Title: Waiting
Author: Jen
Email: jenny@blue-unclouded.net
Disclaimer: Not mine, never will be.
Classification: Mitch/Terri. Set post-ep 'In the Lap of the Gods'.
Summary: Terri's mind dances round in circles late one night.

"Well, Dom thinks you're single."

Mitch's words echo in my head as I lay in bed late at night. My reply had been cool and measured.

"I am single."

But in the night's inky darkness, sleep evades me as I replay the conversation in my head, over and over. The words writhe and shift, gradually revealing hidden depths and meanings as my brain grates over them, wearing away their superficial layers.

Mitch's jealousy was sweet and harmless, but it brings up an uncomfortable issue.

What am I? In the technical sense of the word I *am* single, yet I've promised to wait for him.

Wait.

A promise that precludes any other romantic attachment. But nobody else knows. In the eyes of the world, I'm free. Unattached. Available.

But I'm not. If anybody asked to take me out, I'd find some excuse to politely refuse.

So, in the practical sense of the word, I'm *not* single. I'm attached. Spoken for. Unavailable. And very willingly so.

But for what purpose? We can't have romantic candlelit dinners. He can't buy me flowers. I certainly can't curl up next to him on warm nights, waking up to the smell of him cooking breakfast next morning. For all intents and purposes, Mitch and I must appear nothing more than the close friends everybody knows us to be. Such is the peril of falling in love with a married man, albeit one whose marriage has long since crumbled.

Which brings me back full circle to the concept of being single. Is there a solid definition of single? Or is it a subjective variable, its meaning different to everyone.

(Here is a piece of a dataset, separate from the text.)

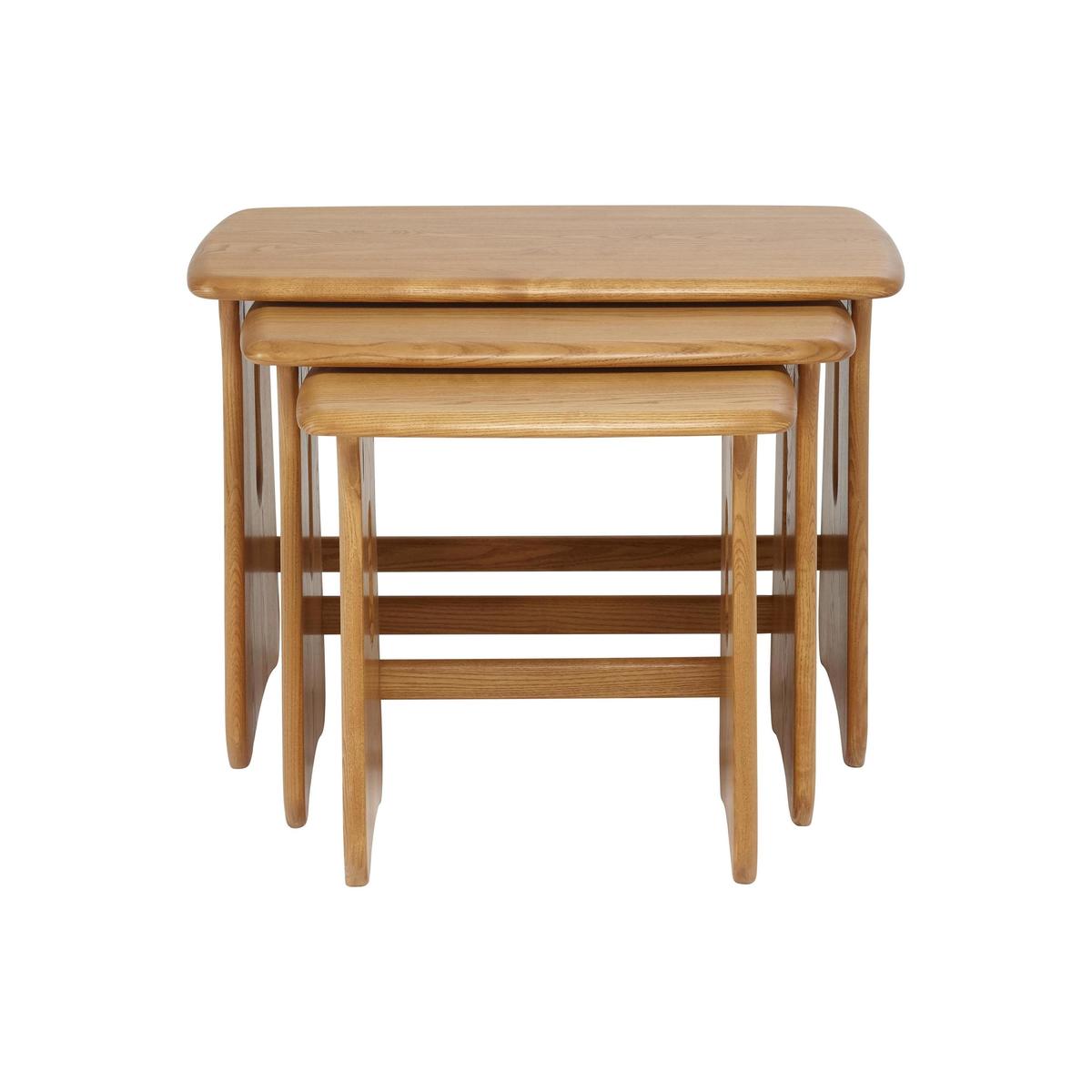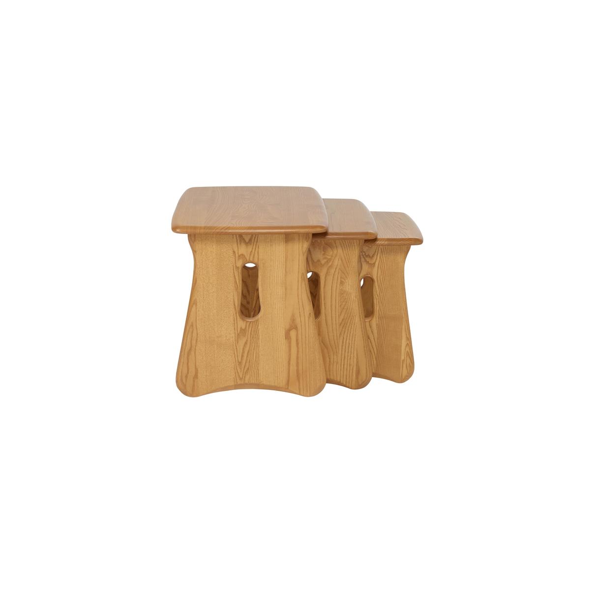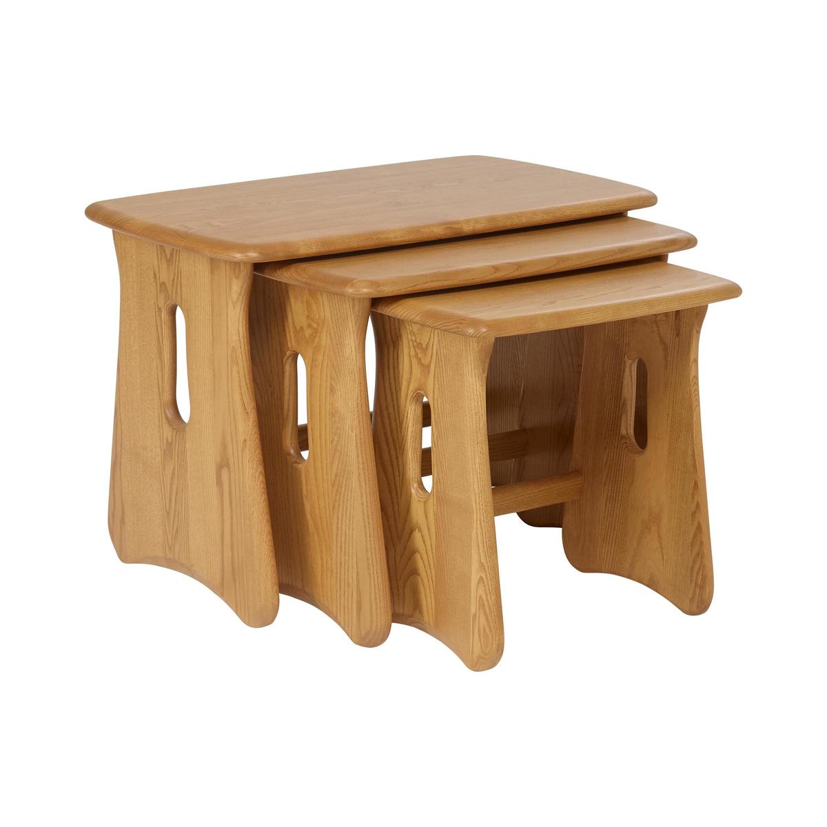 Featuring the classic Windsor leg distinctively curved and embellished with a cut- out detail the ercol Windsor nest of tables is a superbly well designed and crafted compact set of occasional tables. This set of three tables, which conveniently stack on top of each other, have rectangular rounded- end tops and are made from solid ash with a smooth soft- sheen lacquer finish. Offering maximum versatility and a useful addition to any compact living space, these three tables can be used as lamp tables, to support a tray of beverages or a handful of framed photos, or even as supper tables. Simply stack them neatly away when not in use. The ercol Windsor nest of tables is part of the ercol Windsor collection of beautifully crafted solid wood dining and living room furniture. The ercol Windsor coffee table shares the same smooth rounded edges and functional design. Did you know? Natural wood has unique markings, with some colour variation. The colour and tone of wood improves with age.

Mitch's comment clearly suggests he does not consider me single. I see the arguments. Yet I'm not married, or even involved in any kind of active relationship. Can I honestly look at my reflection in the mirror and say "I am not single", without having to mentally append some form of justification or explanation to the statement?

"I am not single ... But Mitch and I aren't actually together..."

The very thought seems wrong somehow.

And yet, the very fact that this spoken agreement exists between us means that at some level, the two of us are engaged in a romantic relationship. Does the fact that the relationship is not physical make a difference? Or does the occasional stolen kiss provide basis enough?

"Well, Dom thinks you're single."

It's a statement I can't reconcile. A term I can't define. Least of all with regard to myself.

I slump deeper into the soft pillows and finally, sleep claims me.